| AIM OF THE EXERCISE |
Leave the pictures out and repeat the rest of the data below exactly.

| GIVEN MATERIAL |
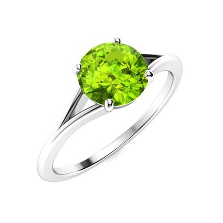 Natural 1.06 CTW Peridot Solitaire Ring 18K White Gold
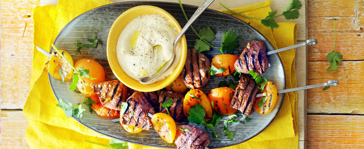Brochettes de bœuf, abricots & coriandre accompagné d’houmous
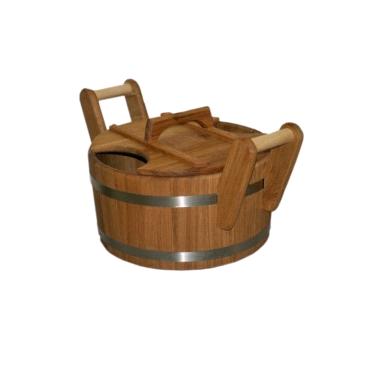 Дубовий запарник - прекрасний виріб для запарювання банних віників, а також розведення ароматичних масел і настоянок з цілющих трав. Виділяється особливий цілющий аромат, з його використанням приміщення лазні і сауни просто пахне! Незамінний аксесуар для господарів і любителів лазні і сауни! Порадує всіх, хто цінує екологічно чисті натуральні вироби. Вдало прикрашає інтер'єр, служить довго і надійно!
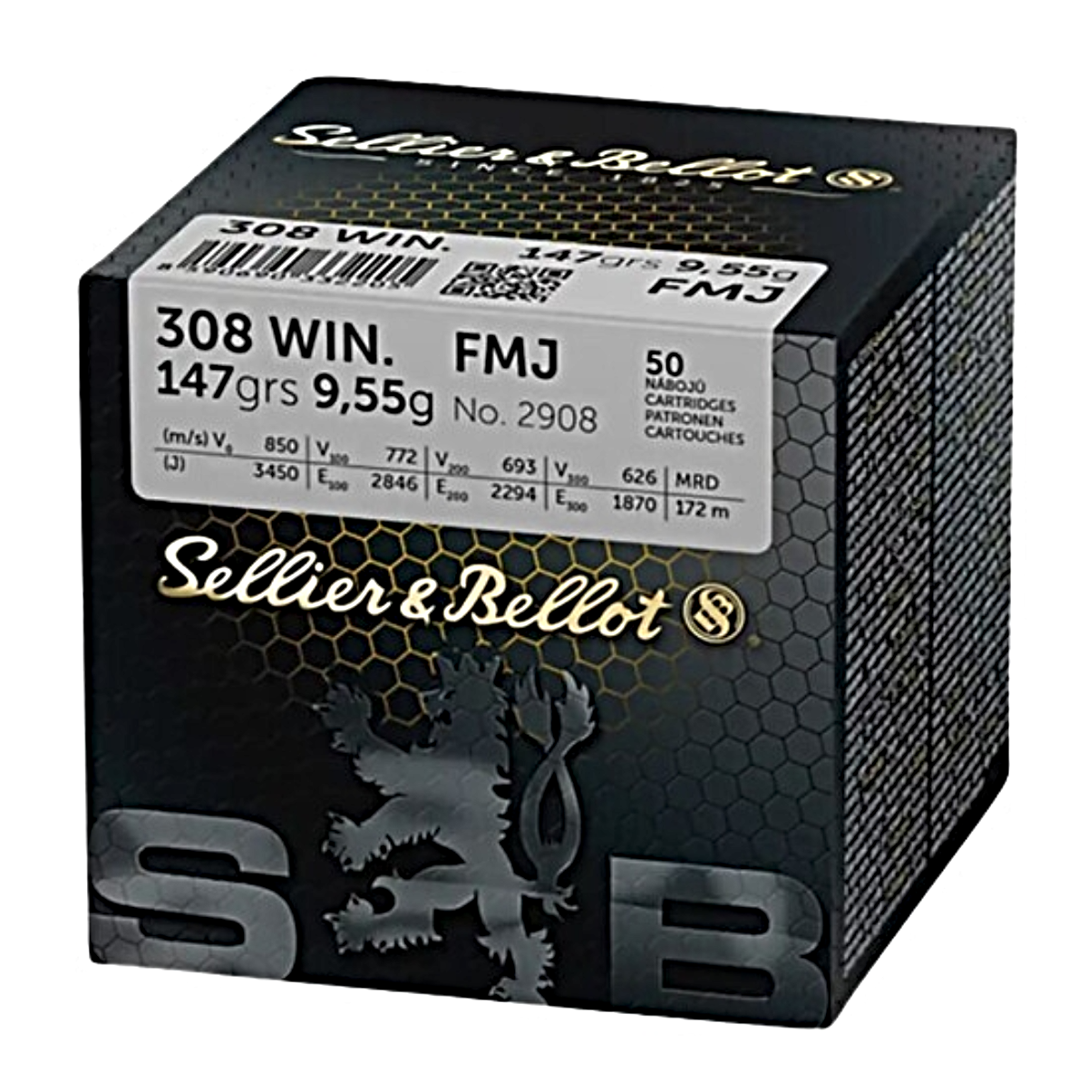 Cartridges Sellier & Bellot .308Win. FMJ 9,55g Ammunition manufactured in the Czech Republic, loaded with a full metal jacket (FMJ) bullet featuring a standard lead core. This ammunition is intended for small game hunting as well as shooting practice and training. Hunters who have used this ammunition note that it is well suited for small animals from which a trophy is planned to be prepared afterward, such as a pelt or taxidermy mount. The bullet does not cause significant damage to the meat or the hide.

| RESPONSE |
 Natural 1.06 CTW Peridot Solitaire Ring 18K White Gold
Brochettes de bœuf, abricots & coriandre accompagné d’houmous
 Дубовий запарник - прекрасний виріб для запарювання банних віників, а також розведення ароматичних масел і настоянок з цілющих трав. Виділяється особливий цілющий аромат, з його використанням приміщення лазні і сауни просто пахне! Незамінний аксесуар для господарів і любителів лазні і сауни! Порадує всіх, хто цінує екологічно чисті натуральні вироби. Вдало прикрашає інтер'єр, служить довго і надійно!
 Cartridges Sellier & Bellot .308Win. FMJ 9,55g Ammunition manufactured in the Czech Republic, loaded with a full metal jacket (FMJ) bullet featuring a standard lead core. This ammunition is intended for small game hunting as well as shooting practice and training. Hunters who have used this ammunition note that it is well suited for small animals from which a trophy is planned to be prepared afterward, such as a pelt or taxidermy mount. The bullet does not cause significant damage to the meat or the hide.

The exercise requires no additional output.